The driver, Donald F. Vincent, closed the passenger door on July 14, 1967, for the 6 p.m. run, then pulled away from the curb in front of the Niagara Mohawk Power Corp. office on the south side of the Square and headed east on State Street. He and his three passengers were making Freeman Bus Corp.'s final city bus trip, concluding a city transportation tradition that for 48 years had been provided by Freeman and its predecessors.

Only about 300 people rode the buses that day.

“From the patronage of the last few years, it would be hard to argue that the role of the bus is essential in Watertown,” the Watertown Daily Times editorialized the next day. “So the obituary of bus transportation in Watertown is not sad.”

But this did not spell an end for the corporation. Indeed, the proprietor, Robert C. Freeman, had considered shutting down his company. But putting the brakes on city bus runs created a problem for some students, who had relied on those 30- to 50-passenger rigs to get to school. So with the demise of the city bus runs, Freeman soon became known for its yellow school buses, steering the company along to its 75th anniversary this year with its fourth-generation owner.

“I take a lot of pride that we have been in this position to help the community for four generations,” says Robert C. Freeman III, president and chief executive officer.

■       ■       ■

Buses — they were called autobuses at the time — began to give trolley cars a run for their money in Watertown in 1911.

Trollies, after all, could go only where their tracks took them. Operated by Black River Traction Co., they had been running their adapted streets since 1891. A proposal was made about 1910 that there should be a new route, with tracks installed on Washington Street to provide trolley transportation to the House of the Good Samaritan.

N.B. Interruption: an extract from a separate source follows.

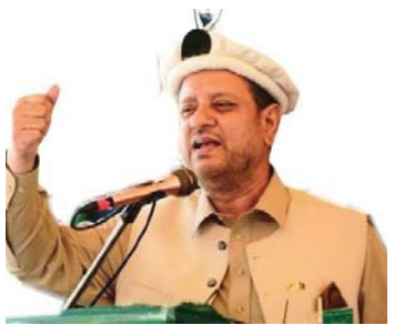
ing the recent elections in Pakistan.. President Muslim Conference Sardar Atiq Ahmad Khan said that the sacrifices of the people of Occupied Kashmir will not go in vain and India will have to account for its atrocities. Narendra Modi's brutal policies have put South

President Muslim Conference Sardar Attique Ahmad Khan discussed in detail the latest situation of Azad Kashmir and Occupied Kashmir, includ-

Property owners wanted nothing to do with it, protesting that the construction, the tracks and the streetcars would distract from the beauty and peace of their street.

The proposal died but was soon followed by the creation of a bus company, Watertown Transportation Co., founded by, among others, Charles E. Holbrook, a printing house owner in the city. Demand for bus service was strong in those early years when personal cars were few, but the road would be long and bumpy as bus operators tried to accommodate the public's transportation needs.

So crowded were the buses that ladies found the going difficult. The Watertown Transportation Co. took heat in August 1915 because passengers were permitted to ride on the outside platforms of buses, making it inconvenient and even hazardous for other passengers to dismount.

“This is particularly true in the case of women passengers who attempt to alight,” the Watertown Daily Times reported. “Usually the man who is riding on the platform steps aside and grasps the hand rail when a woman passenger is about to leave the bus. This makes it impossible for a woman to use the rail and she finds it necessary to turn around and alight backwards, which is extremely dangerous, or alight forward without the assistance of the rail. Some of the criticism seems especially well directed also because men who have been riding on the platforms and monopolizng the rails have been far from gentlemanly when women have requested them to step aside.”

Route structures were changed from time to time based on rider demand, with main runs geared to Franklin, Washington, Arsenal, Mill and State streets. Public Square, obviously, was the focal point.

Passenger fares had been stagnant at a nickel for several years when in 1920, Watertown Transportation Co. general manager Will L. Gould, himself an automobile dealer, complained the bus service was facing a tremendous increase in operating costs. “The fare today is the same as it was when we could employ men for $1.25 a day,” he said. The wage of the day was not reported.

The Watertown City Council, which regulated the enterprise, granted a 2-cent fare increase the following year.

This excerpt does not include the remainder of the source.